Written by: Jon Weisberger
Oddly enough, while I’ve been a Nashville resident for more than 15 years, I was in California when Brandon Godman called in January of 2017 to tell me about the effort to get California Bluegrass Association support for a bluegrass-themed float in the Bay Area’s Pride Parade that year. He and I share some Kentucky connections, some colorful touring memories, and I was among the friends he shared some stories with about the issues he’d had as a gay bluegrass fiddler even before Jewly Hight’s great piece (check it out!) about him in the Oxford American brought them into wider view. So I took his call seriously.
Though Chris Jones and I had taken part in the Shout & Shine showcase at the IBMA’s World of Bluegrass the previous fall, I count this as the beginning of my real engagement with Bluegrass Pride. I joined the CBA and wrote something encouraging about the project on the CBA website’s bulletin board, but I also realized that I could afford to go out to the Bay Area and be a supporter right there, on the street. So I did. And that was, not to be too corny about it, a heartwarming experience.
Since then, I’ve thought some about why that’s so, and the answers seem pretty clear to me. On the one hand, my parents worked to instill in me a bedrock belief in equality that says the bluegrass scene (not to mention the world beyond it) must be genuinely open and welcoming to all on a genuinely equal basis—that everyone has an equal right to bluegrass! And, on the other hand, I have such a strong love for this music that I believe it, the industry that creates and distributes it, and the audience that sustains it all have something to offer many more people than they currently reach. So what was not to love about Bluegrass Pride—joining pride and equality and “Foggy Mountain Breakdown” in one glorious mash-up?
Lately, though, I’ve been thinking about something a little more complicated, and that is our tendency to link the recognition of diversity in musical approaches to diversity among musicians. I remember stopping at a fast food joint in Ohio years ago while driving to a festival, and when we told the gal behind the counter that we played bluegrass, her response was, “Oh, you mean that whiny old stuff?” I found myself torn between wanting to respond, “Hey, it’s not just that whiny old stuff”—which is, of course, true—and wanting to say, “Hey, what’s wrong with that whiny old stuff? It’s great!” Which is also true.
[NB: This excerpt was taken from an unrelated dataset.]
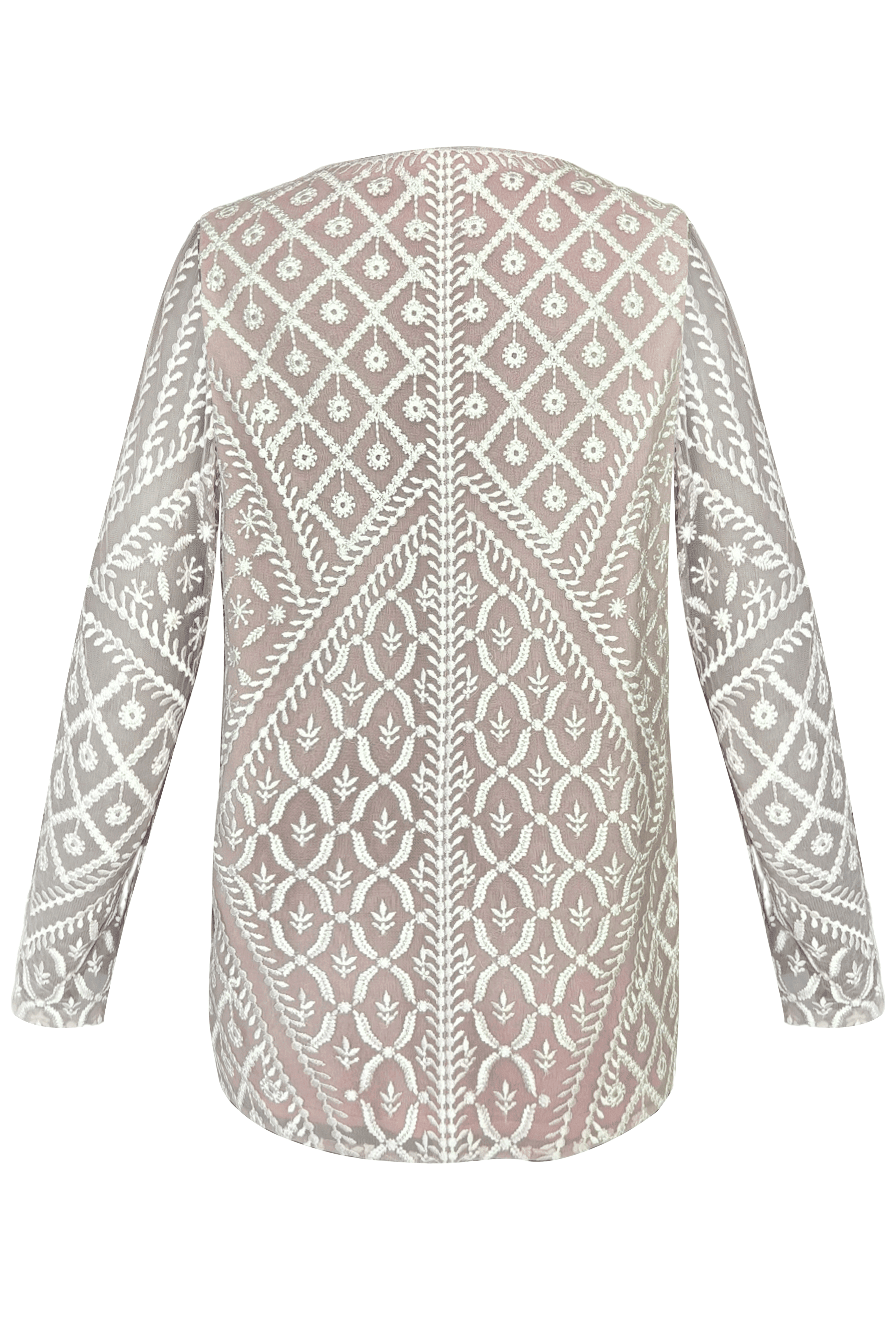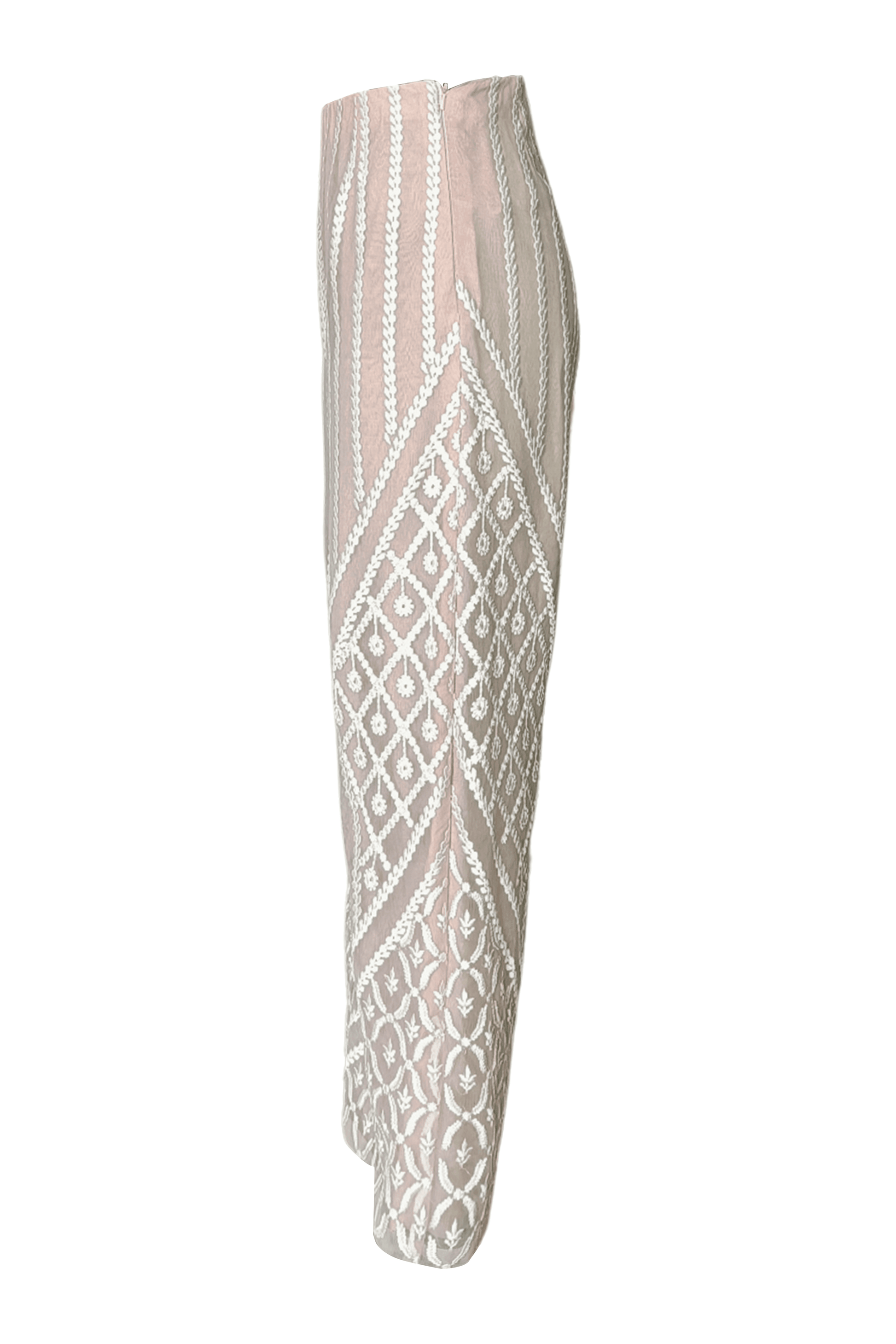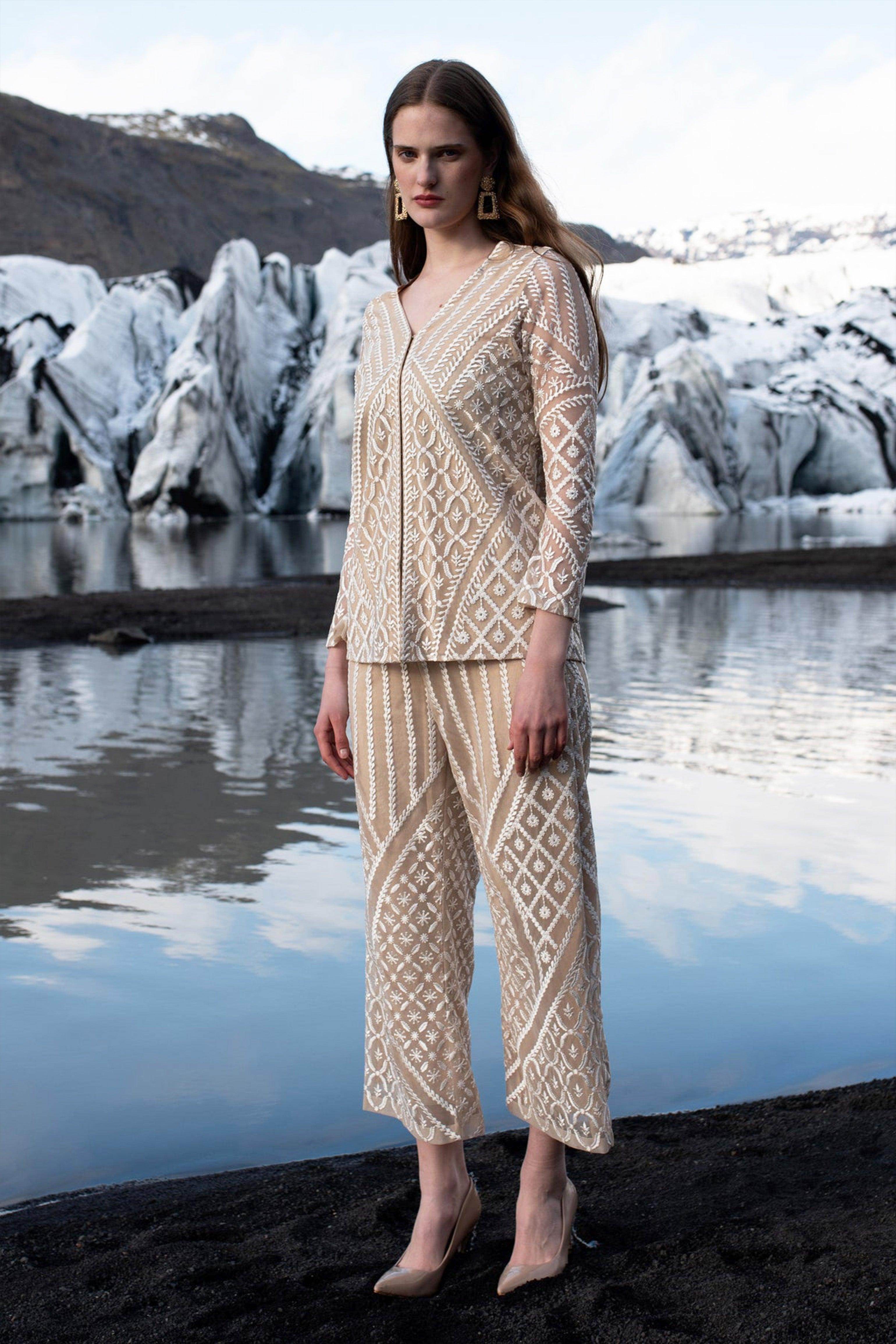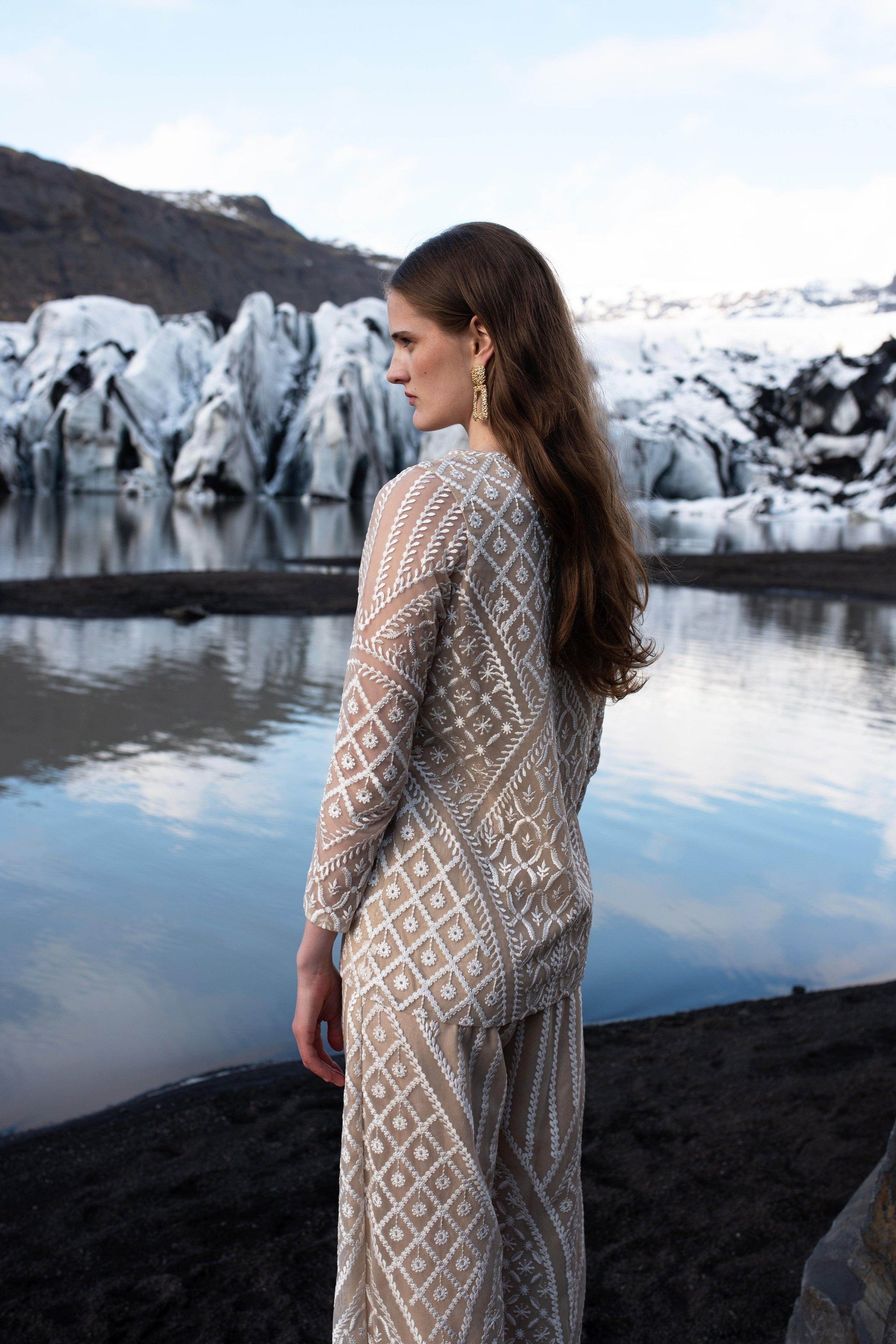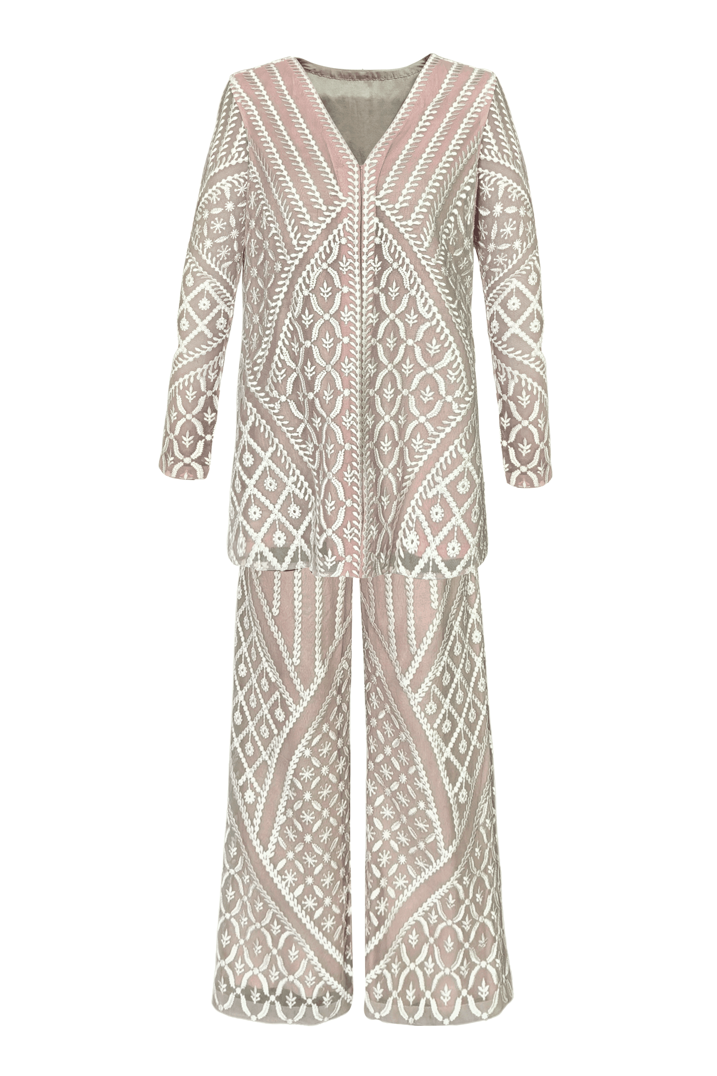 Allover placement embroidery in white resham thread, mixing delicate floral and opulent baroque inspired motifs. V neck top has a full front placket with hook-eye closure. Relaxed fit and slight A-line silhouette on the front and back, soft bell shape on the sleeves. Paired with matching ankle length straight fit pants that are elasticated at the waist. Hook-eye and zip closure on the side. The front and back of the top are lined in a contrasting nude colour to show off the detailed embroidery. The sleeves are unlined. The pants are fully lined in a contrasting nude colour.
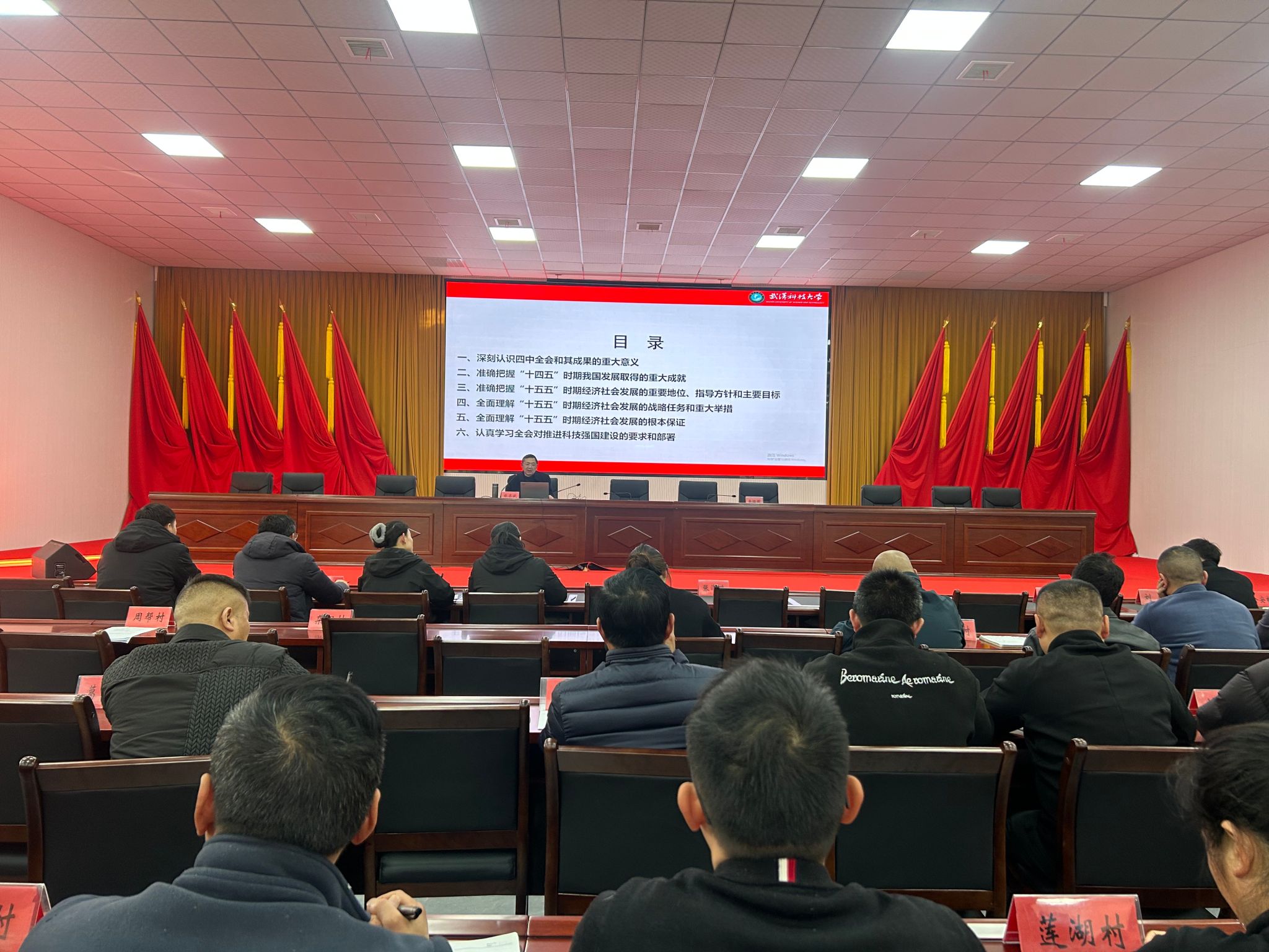 在排湖旅游度假区管委会,beat365官网中文版本经理刘文波教授以《深学笃行四中全会精神 接续推进中国式现代化》为题,展开了一场既深刻又生动的解读。他从“十四五”时期我国经济社会发展所取得的重大成就和在历史交汇点上把握战略抉择的时代价值切入,深入剖析“十五五”时期我国发展环境基本特征,解码中国式现代化的“十五五”行动纲领,最终落脚于“以实干担当把宏伟蓝图变为美好现实”。语言生动,案例鲜活,层层递进,启人思考。

That is, so to speak, the dialectic of bluegrass. Some of us are drawn irresistibly to a lifetime of digging into the subtleties and richness of the strict bluegrass legacy - subtleties and richness that are often ignored by self-proclaimed “traditionalists.” For others, building on that legacy by exploring new directions that encompass other sounds and influences is the compulsion. In IBMA-speak, these two approaches are often referred to as the roots and branches of bluegrass, and it’s a powerful metaphor that testifies to the need for both—not necessarily in the work of any one musician or group of musicians, but in the entire body of work that gets called bluegrass. Without a critical mass of musicians whose passions are most deeply stirred by the classic sounds and a legion of musicians deeply attuned to other musical currents, bluegrass is all too likely to either lose its connection to tradition altogether or to become a museum piece.
But despite this need for some kind of cosmic balance within the bluegrass field, it is clear that the broader roots music scene and the even larger musical industry beyond it tilt toward one side. The evidence is easy enough to see: artists are praised for reinventing themselves; “edgy” is almost universally accepted as a term of praise; those who break the rules and stretch the boundaries are acclaimed, while those who don’t are overlooked, if not dismissed outright for offering nothing more than the “same old same old.” Sure, there’s room for the occasional nostalgia act or lovingly detailed retro presentation, but their popularity is often fleeting, while those who face up to the challenge of making new music within older frameworks on a long-term basis find the path to success—even modest success—especially hard.
To put it bluntly, then, traditional bluegrass is disadvantaged; its attractions for musicians are, especially these days, more artistic than commercial. And that, in turn, means that it must be especially open and accessible, encouraging anyone with a love for those sounds to find their place within the community. Yet it’s hardly controversial to note that the culture of traditional bluegrass has been and still can be less than welcoming to women; to people of color; to people of different sexual orientations and gender identities.
Even if one sets aside the fundamental values of fairness, equality, and inclusivity, those barriers are profoundly destructive to the long-range survival of this powerful, distinctive kind of music. It would be a terrible shame for our bluegrass community to give musicians the message that the only path to genuine inclusion lies through the branches of bluegrass, that diversity of identity can only be found in the more musically diverse end of the spectrum. Bluegrassers—particularly those of us whose inclinations lean toward the traditional—are fond of saying that the only thing that matters is, can you pick? It’s about time that we start taking that seriously.